Posted to dev@qpid.apache.org by "Alan Conway (JIRA)" <ji...@apache.org> on 2013/01/17 17:34:12 UTC

[jira] [Resolved] (QPID-4201) Destination cluster de-sync when federation link used for a longer time

     [ https://issues.apache.org/jira/browse/QPID-4201?page=com.atlassian.jira.plugin.system.issuetabpanels:all-tabpanel ]
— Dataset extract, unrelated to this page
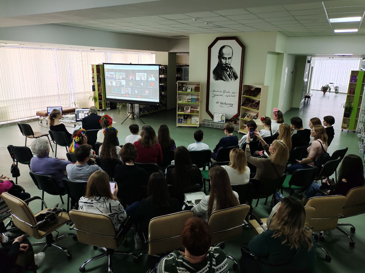 Саме цього дня до наукової бібліотеки Університету завітали учні Харківського ліцею № 152 разом із вчителями та батьками, студенти факультетів прокуратури, приватного права та підприємництва, адвокатури, для кого поетове слово втілює віру в нашу Перемогу над російським агресором, всиляє віру в нездоланність українського духу, незламність нації, а любов Великого Кобзаря до рідної України надихає все нові й нові покоління патріотів.

Alan Conway resolved QPID-4201.
-------------------------------

       Resolution: Won't Fix
    Fix Version/s:     (was: 0.19)
                   0.20

This issue affects the old cluster which is no longer part of Qpid for the 0.20 release.
                
> Destination cluster de-sync when federation link used for a longer time
> -----------------------------------------------------------------------
>
>                 Key: QPID-4201
>                 URL: https://issues.apache.org/jira/browse/QPID-4201
>             Project: Qpid
>          Issue Type: Bug
>          Components: C++ Clustering
>    Affects Versions: 0.18
>            Reporter: Alan Conway
>            Assignee: Alan Conway
>             Fix For: 0.20
>
>
> (see also  https://bugzilla.redhat.com/show_bug.cgi?id=836141)
> Description of problem:
> Using queue state replication from a broker (possibly clustered - this does not matter) to a cluster of brokers cause cluster de-sync after a long time:
> 2012-06-28 08:28:30 critical Error delivering frames: local error did not occur on all cluster members : invalid-argument: @QPID.77153a41-7531-47f6-bf55-b30ffed69922: confirmed < (4799+0) but only sent < (4797+0) (qpid/SessionState.cpp:154) (qpid/cluster/ErrorCheck.cpp:89)
> Version-Release number of selected component (if applicable):
> every checked 
> How reproducible:
> depending on time, but 10% for default scenario
> Steps to Reproduce:
> (ideally, if possible, rebuild qpid with changing cpp/src/qpid/SessionState.cpp: static const uint32_t SPONTANEOUS_REQUEST_INTERVAL = 64 to really, really significantly speedup the reproducer)
> 1) Have source broker (or cluster, this does not matter) and dest.cluster with queue state replication of just one queue from source do dest.cluster.
> 2) On the federation route, setup --ack to some low number (to speedup replication, I used --ack 5).
> 3) Randomly produce and consume messages to the src.broker to the queue to be replicated - ideally, do the enqueues and dequeues as much alternating as possible. Dont know why, but more alternates speeds up the reproducer as well.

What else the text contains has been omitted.